There are no words, only music, and thanks to the pillar I feared that my inability to draw the piece together into a cohesive narrative was because key moments kept disappearing. The after-show talk shed more light on the sections I had missed and I was able to find my own understanding through Mottram’s discussion of the origins of the piece.
One word: fascinating. It’s hard to describe because it’s not a linear narrative piece; there is a connection between the images, but they are, as Stephen Mottram described them, a ‘series of installations’ that evoke emotion and that emotion or reading, is entirely an audience member’s own.
Originally created in 1995 as a response to the sudden death of his father, Mottram explained that he wanted to create characters that cannot be clearly defined as good or bad, they merely do what they have to do in order to survive.
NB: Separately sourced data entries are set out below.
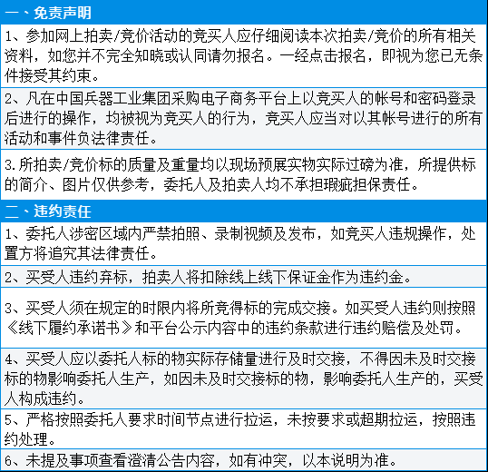 受企业委托,我公司定于2023年12月11日9:00-9:30在中国兵器工业集团采购电子商务平台(http://www.norincogroup-ebuy.com/)公开网络竞价。
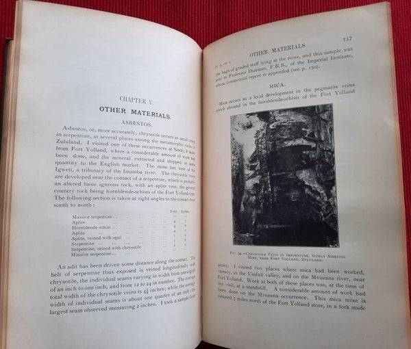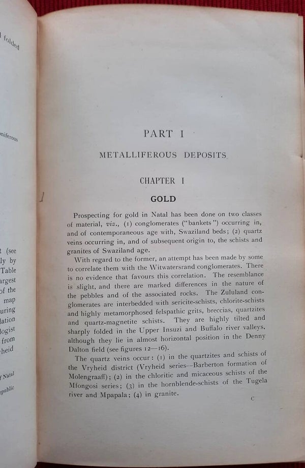A comprehensive treatise consisted of two parts (Metalliferous Deposits & Non-Metallic Deposits) with multiple folding color map in frontispiece, 7 plates at the rear (of which one is multiple folding map) and 34 in-text b&w photographic illustrations.
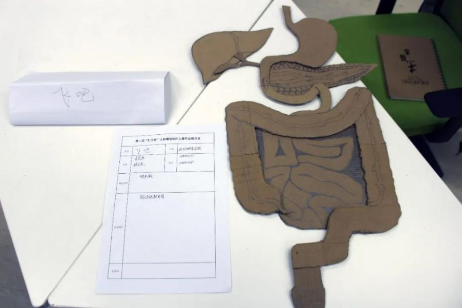 飞吧组的两人打下一片天地,用纸板制作出复杂的消化系统。
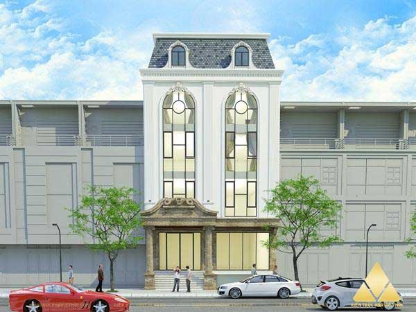 Mẫu thiết kế gợi ý phù hợp nếu diện tích đất mặt phố của bạn có hai mặt tiền. Với lợi thế của vị trí tự nhiên thì nhà ở được thiết kế theo phong cách tân cổ điển có thêm không gian để nhấn mạnh sự sang trọng là toàn bộ mặt tiền hai bên. Vẫn sử dụng các chi tiết đặc trưng để trang trí như các đường phào chỉ, cửa sổ vòm hai lớp…những điểm đặc biệt nhất của mẫu gợi ý này chính là thiết kế nhà lệch tầng hiện đại nhưng cũng rất hài hòa với tổng thể kiến trúc chung.

The world of the characters is simple: everyone contains seeds and everyone wants those seeds in order to gain ‘new life’. The production is dark in both content and lighting design, as the whole piece is performed in a half-light, expressing the inherent ambiguous unease. But there is lightness to be found in some of Mottram’s enchanting marionettes. When asked why one of the seed-carriers disguised itself as a stork, he explained that the idea grew from a joke about ‘bending over backwards to survive’.
Mottram is more of a magician than a puppeteer: he epitomises the notion of bringing an object to life. He even showed us the mechanics of some of his puppets, but it didn’t take away from them, if anything, it made them even more magical.